#### Data for this exercise
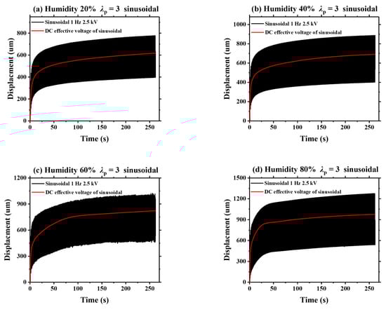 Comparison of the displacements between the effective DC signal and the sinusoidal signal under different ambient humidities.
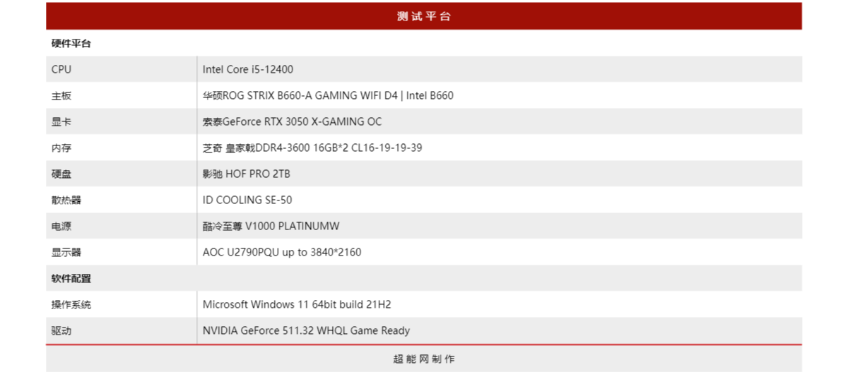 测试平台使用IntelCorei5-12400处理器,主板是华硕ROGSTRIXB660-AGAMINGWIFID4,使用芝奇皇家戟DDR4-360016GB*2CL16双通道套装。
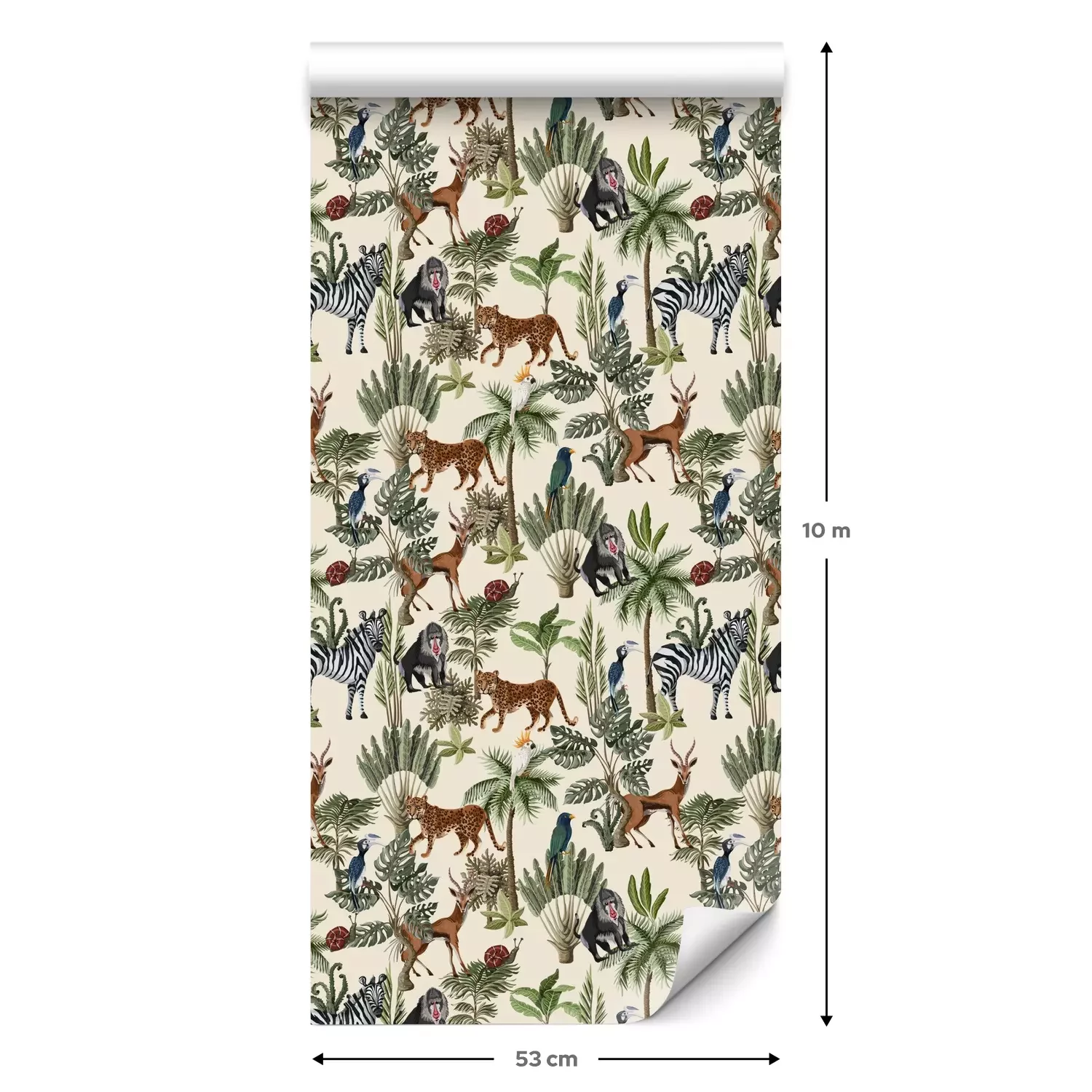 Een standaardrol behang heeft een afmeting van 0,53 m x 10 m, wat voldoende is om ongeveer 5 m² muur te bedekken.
* * *
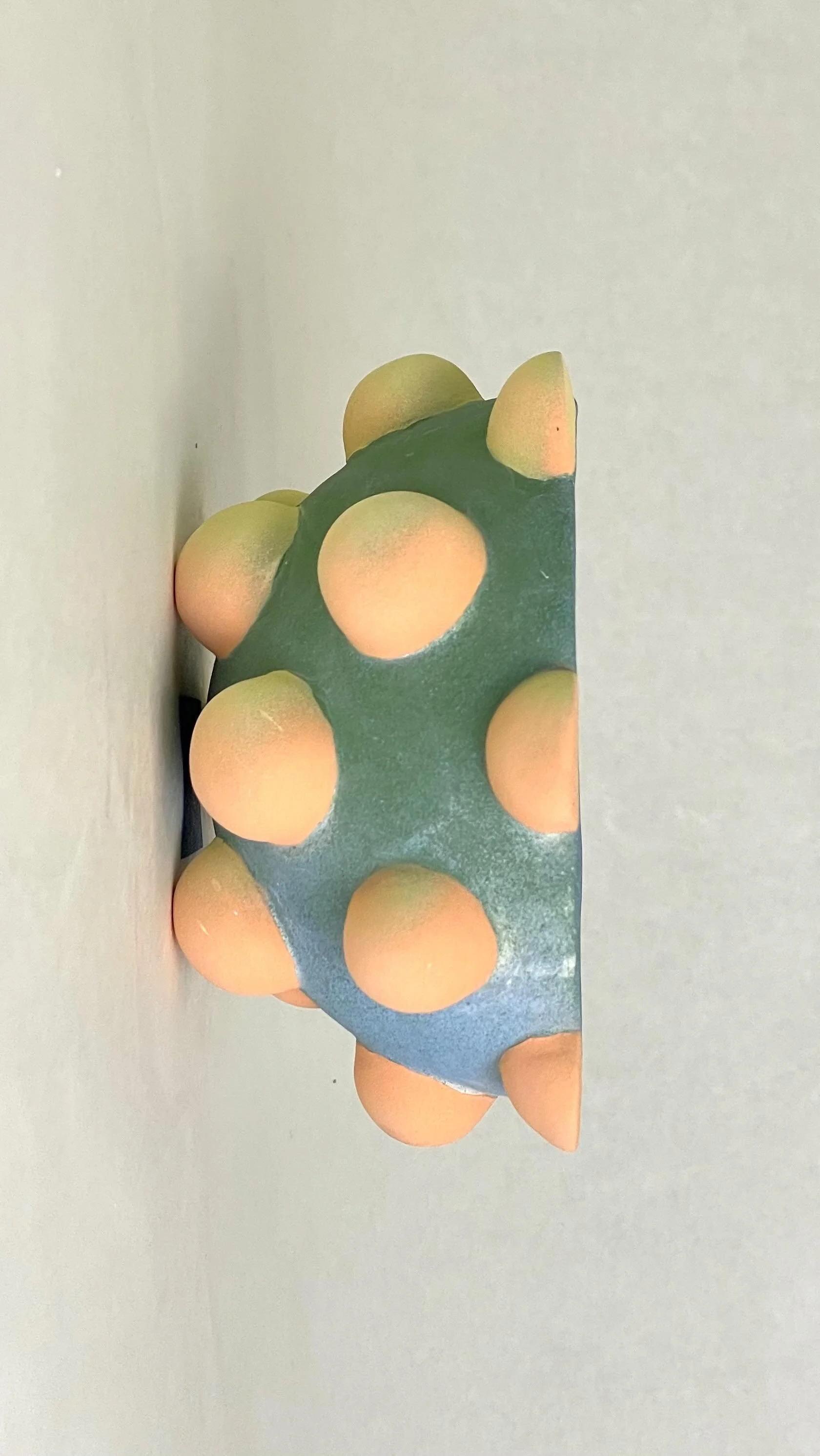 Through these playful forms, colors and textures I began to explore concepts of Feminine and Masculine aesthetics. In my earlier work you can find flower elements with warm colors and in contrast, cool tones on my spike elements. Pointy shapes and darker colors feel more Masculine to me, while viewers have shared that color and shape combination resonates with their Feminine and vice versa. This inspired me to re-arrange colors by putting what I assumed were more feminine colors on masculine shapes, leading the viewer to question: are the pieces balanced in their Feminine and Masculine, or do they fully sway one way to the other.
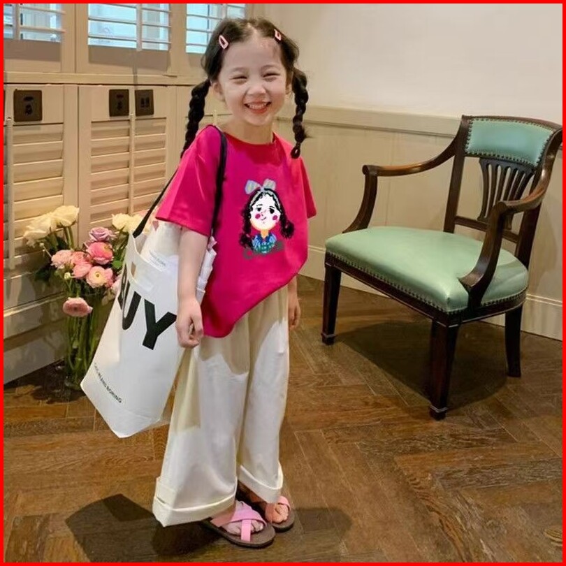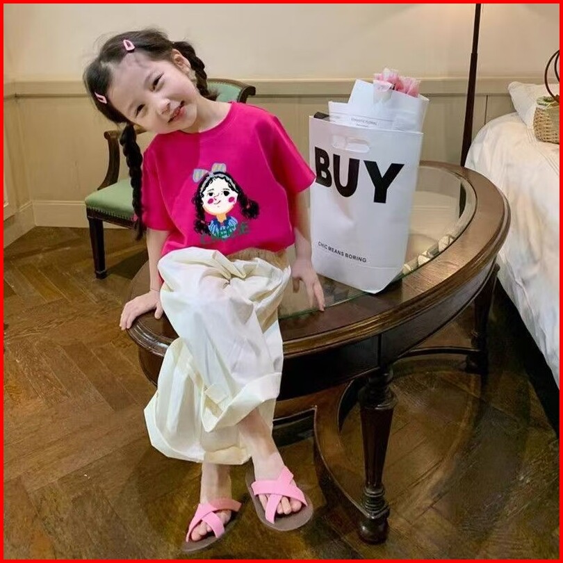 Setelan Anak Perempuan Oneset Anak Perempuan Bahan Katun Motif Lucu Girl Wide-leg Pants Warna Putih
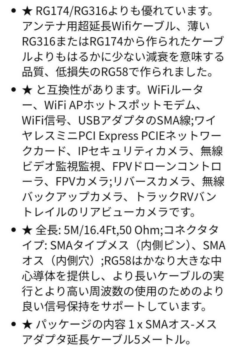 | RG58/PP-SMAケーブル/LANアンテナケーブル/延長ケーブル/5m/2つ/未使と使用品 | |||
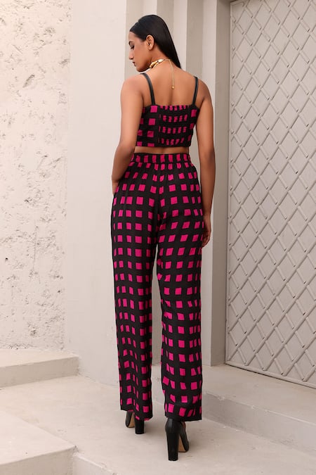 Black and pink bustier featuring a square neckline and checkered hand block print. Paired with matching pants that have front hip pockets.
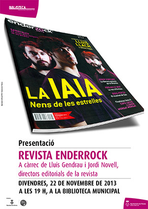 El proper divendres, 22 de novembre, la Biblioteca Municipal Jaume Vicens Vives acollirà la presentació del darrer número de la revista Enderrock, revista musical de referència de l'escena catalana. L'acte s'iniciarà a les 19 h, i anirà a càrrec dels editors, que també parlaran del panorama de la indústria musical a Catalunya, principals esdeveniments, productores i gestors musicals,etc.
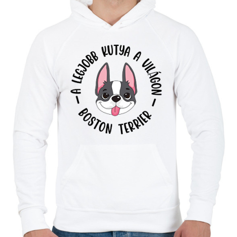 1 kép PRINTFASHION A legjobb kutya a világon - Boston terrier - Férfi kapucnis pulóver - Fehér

#### Task directions
Using the entries above, transcribe every line from the line containing "Comparison of the" through the line containing "测试平台使用IntelCor". Do not copy pictures.

#### Solution to this task
 Comparison of the displacements between the effective DC signal and the sinusoidal signal under different ambient humidities.
 测试平台使用IntelCorei5-12400处理器,主板是华硕ROGSTRIXB660-AGAMINGWIFID4,使用芝奇皇家戟DDR4-360016GB*2CL16双通道套装。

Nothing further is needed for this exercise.